While we have already discussed why interpretability is essential, especially in medical settings where model transparency is critical, we now consider how different interpretability methods scale to industrial or clinical deployment. In a hospital environment, scaling does not only mean processing data from more patients. MRI scans are 3D volumes consisting of approximately 100–250 slices depending on the resolution of the scanner. In this project, we used a single slice per patient, but in practice, a full MRI volume would be analysed. Therefore, scaling CNNs and interpretability methods requires handling both more patients and more slices per patient.
Below we evaluate the scalability of each interpretability method used in this project.

**Vanilla gradients** compute the gradient of the class score with respect to each pixel (i, j), measuring how sensitive the prediction is to small changes in that pixel. This requires only a single backward pass and is therefore extremely fast and highly scalable to large medical datasets.

**SmoothGrad** adds Gaussian noise to the input, computes vanilla gradients for N noisy samples, and averages the resulting saliency maps. This requires N backward passes per image (e.g., 50× more computation), making it computationally expensive and generally infeasible for large-scale MRI datasets.

**Integrated gradients** starts with a baseline image (eg all pixels are zero) and changes the image m times along the path toward the input image. At each step, it computes the gradient of the class score with respect to the pixels. This requires m gradient evaluations (commonly 50–300). IG can scale to larger datasets if m is kept modest (around 50); otherwise the cost grows significantly.

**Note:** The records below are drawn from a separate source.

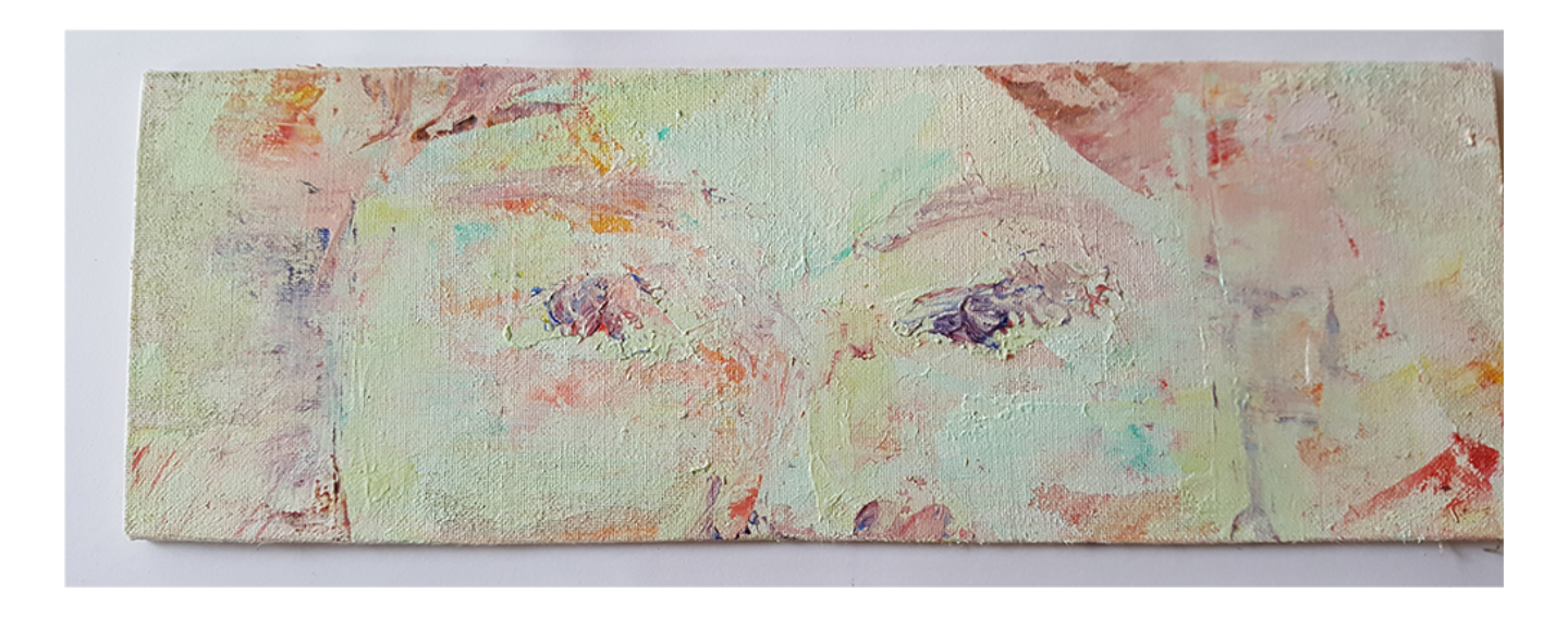
<u>Making miniature canvases.</u>

Installing Artwork in "To scale" gallery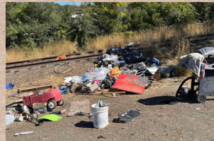
ABOVE: A TRASH CLEAN UP ON N STATE STREET LEFT: J&J PUMPKIN PATCH, WILLITS, CA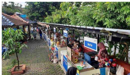
Figure 1. Seller's booth in Bendhung Lepen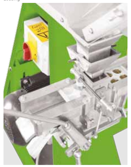
Option: Magazine hopper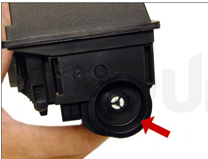
1. Remove the fill plug.

The Kyocera TK-332 series toner cartridges are used in the FS-4000. They are rated for 20,000 pages at 5% coverage. The toner cartridge sells with a waste toner bottle and a corona grid cleaner. There is a chip on the cartridge that must be replaced each cycle. The printer ships with starter toner cartridge rated at 10,000 pages. The supplies used in this cartridge are also compatible with the following toner cartridges: FS-2000 OEM TK-312 USA and TK-310 Europe rated at 12,000 pages, FS 3900 OEM TK-322 USA and TK-320 Europe rated at 15,000 pages, and FS 4000 OEM TK-332 USA / TK-330 Europe rated at 20,000 pages.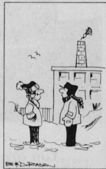
"I can't wait till I turn 70 so's I can run for president."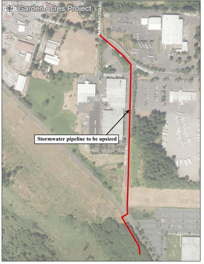
Figure 1: Stormwater Pipeline Upsizing

Identified as part of the Garden Acres roadway design, the existing stormwater pipelines serving the developed area in and around the Ridder Road and Garden Acres Road area need to be upsized to serve the build out of much of the Coffee Creek Industrial Area. This project funds construction of the stormwater pipeline along Ridder Road and Peters Road, approximately 2,400 feet of pipeline upsizing. The existing 18-inch stormline along Ridder Road will be replaced with a 42-inch stormline and will connect into the line running along Peters Road. The existing 24-inch stormline along Peters Road will be replaced with a new 48-inch stormline.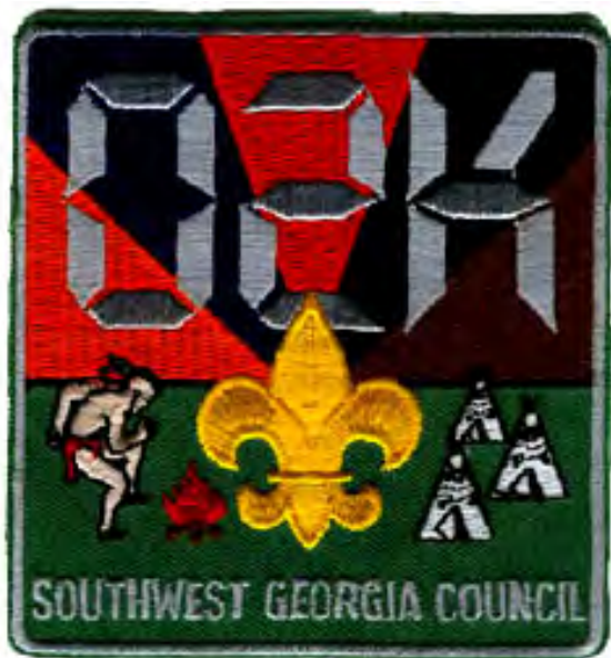
2000 Fundraising Patch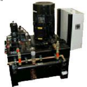
Fig. 2 GDS 25MPa hydraulic power unit

Pressure for the system is provided by a separate hydraulic power unit, which provides a constant source of pressure at 25MPa (see Fig. 2). This pressure source is used by the axial and radial actuators to control pressure and displacement. It is also used to raise and lower the top beam (in high pressure only). Noise specifications of power pack, <75 dB(A) at >5m, and <90 dB(A) at >1m.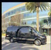
14 PAX Sprinters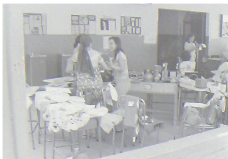
Figure 2: Hall housing the market.

The movement for amnesty, we women believe that, uh... that it's paramount... that amnesty is an imperative of conscience. So we aim to gain consciences, wherever they are: in schools, factories, barracks, universities, that's our job. Our weapon is the truth, and we seek to gain consciousness.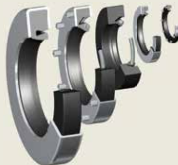
Large diameter seals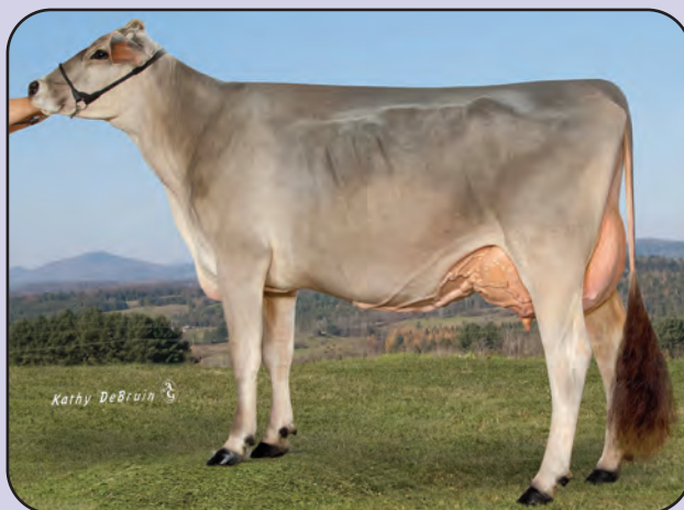
Cutting Edge WF Fargo '2E93/E93ms' 5/00 305d 2X 21860 3.9 859 3.3 716 DHIA Nom All American Jr 3 Yr Old 2020 MGD of Lot 15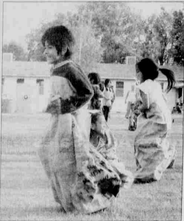
Students run in the sack-race contest during the recent back-to-school barbecue and school supplies distribution event.

Open 7 a.m. til midnight, Mon-Thurs. Weekends 7 a.m. til 2 a.m.

**SG-IG** combines SmoothGrad and Integrated Gradients. For N noisy samples, IG is computed using m steps for each, resulting in N × m gradient evaluations per image. This method is computationally heavy and does not scale well to datasets with many MRI slices or many patients.

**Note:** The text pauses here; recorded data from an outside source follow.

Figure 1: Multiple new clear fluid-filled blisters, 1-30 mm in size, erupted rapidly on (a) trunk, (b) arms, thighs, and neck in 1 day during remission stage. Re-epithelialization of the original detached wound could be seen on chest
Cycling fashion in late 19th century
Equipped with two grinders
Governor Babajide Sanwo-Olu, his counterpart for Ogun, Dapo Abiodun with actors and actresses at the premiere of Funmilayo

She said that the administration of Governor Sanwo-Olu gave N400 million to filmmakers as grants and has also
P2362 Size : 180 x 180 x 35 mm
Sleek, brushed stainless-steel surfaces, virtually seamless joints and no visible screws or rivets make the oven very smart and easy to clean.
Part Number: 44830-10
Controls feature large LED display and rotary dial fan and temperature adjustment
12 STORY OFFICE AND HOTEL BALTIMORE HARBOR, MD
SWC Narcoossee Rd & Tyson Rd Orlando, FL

**Grad-CAM** computes the gradient of the class score with respect to the final convolutional feature maps, uses these gradients to weight the feature maps, and upsamples the result to produce a heatmap. Because it requires only one backward pass and operates on low-resolution feature maps rather than pixels, Grad-CAM is extremely efficient and highly scalable in industrial applications.

**LRP** stores activations during the forward pass and then backpropagates relevance layer by layer using specially designed propagation rules. This process is more memory-intensive and slower than gradient-based methods, making LRP less efficient and harder to scale to large MRI datasets or full 3D volumes.